REQUIREMENT:
Would you transcribe only the lines from the one holding "壁紙の上にそのまま貼れる生の" through the end of the material, exactly, without any pictures?

GIVEN INFORMATION:
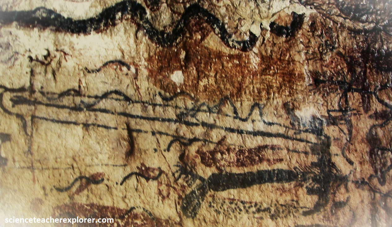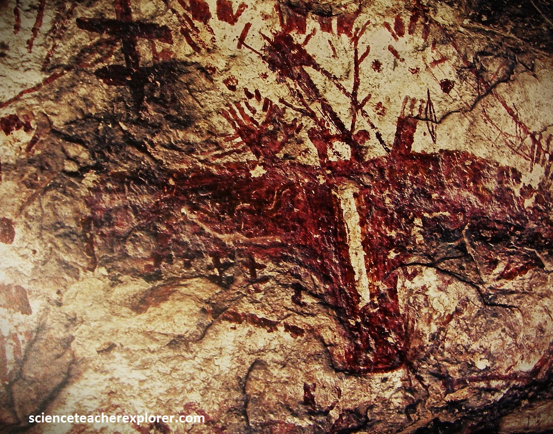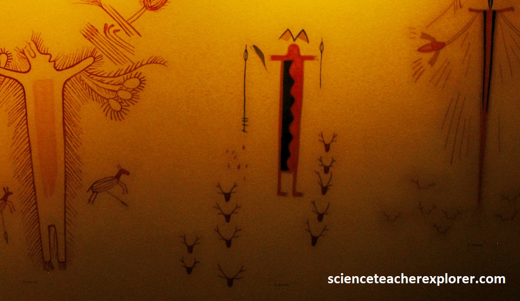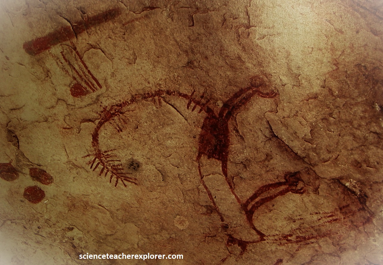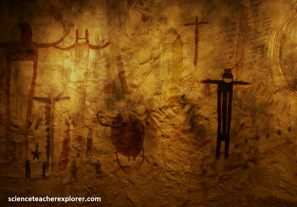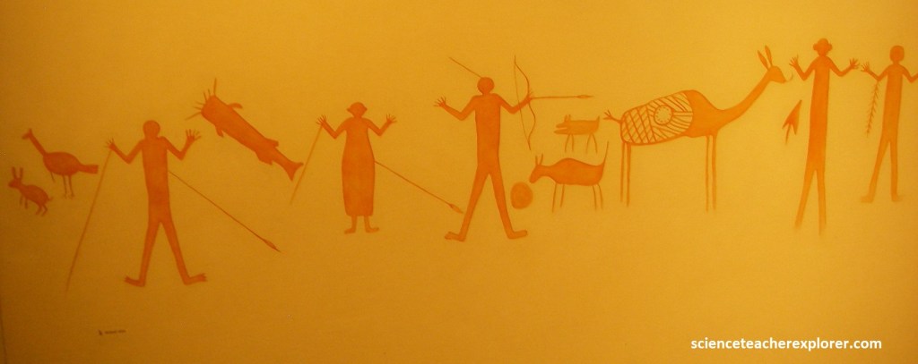 The Devil’s River Limestone walls surrounding the people of the lower Pecos provided space for artistic expression. Art was widespread in the primitive, world, and in the area of modern Val Verde County, perhaps 5,000 years ago, an artistic tradition began which has been compared to the famous cave paintings of France and Spain. The scene recreated below, on interpretive signs, are samples of pictographs from Panther Cave in Seminole Canyon.
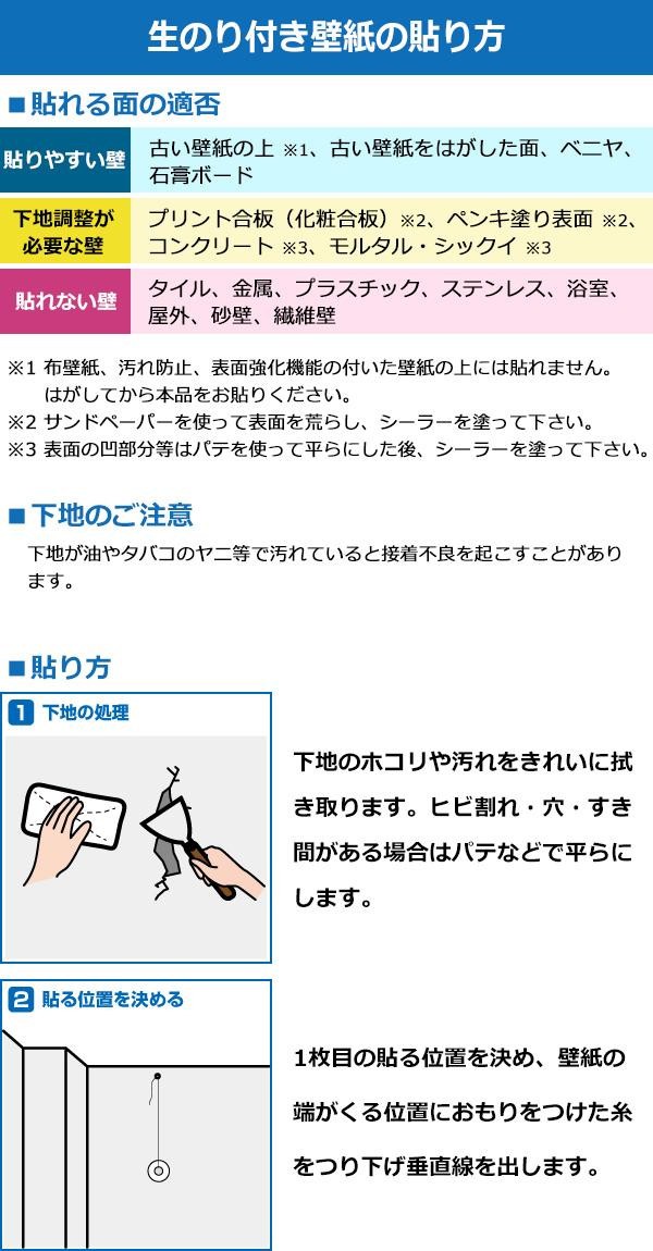 壁紙の上にそのまま貼れる生のり壁紙です。裏面に生のりを塗布しているので、保護フィルムをはがすだけで簡単に貼り始めることができます。のりが乾くまで貼り直しができるので、初心者の方にもオススメ!!壁紙のキズや破れの補修にぴったりです。 |
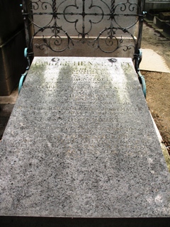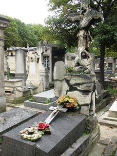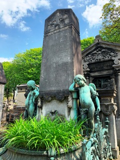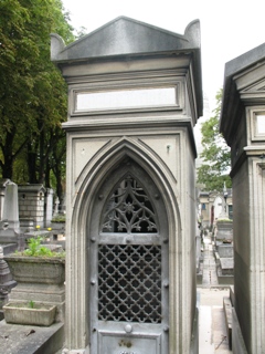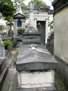 au Théâtre du Gymnase. La tombe est encadrée par deux putti en bronze non signés.

PROBLEM SOLUTION:
 壁紙の上にそのまま貼れる生のり壁紙です。裏面に生のりを塗布しているので、保護フィルムをはがすだけで簡単に貼り始めることができます。のりが乾くまで貼り直しができるので、初心者の方にもオススメ!!壁紙のキズや破れの補修にぴったりです。 |
 au Théâtre du Gymnase. La tombe est encadrée par deux putti en bronze non signés.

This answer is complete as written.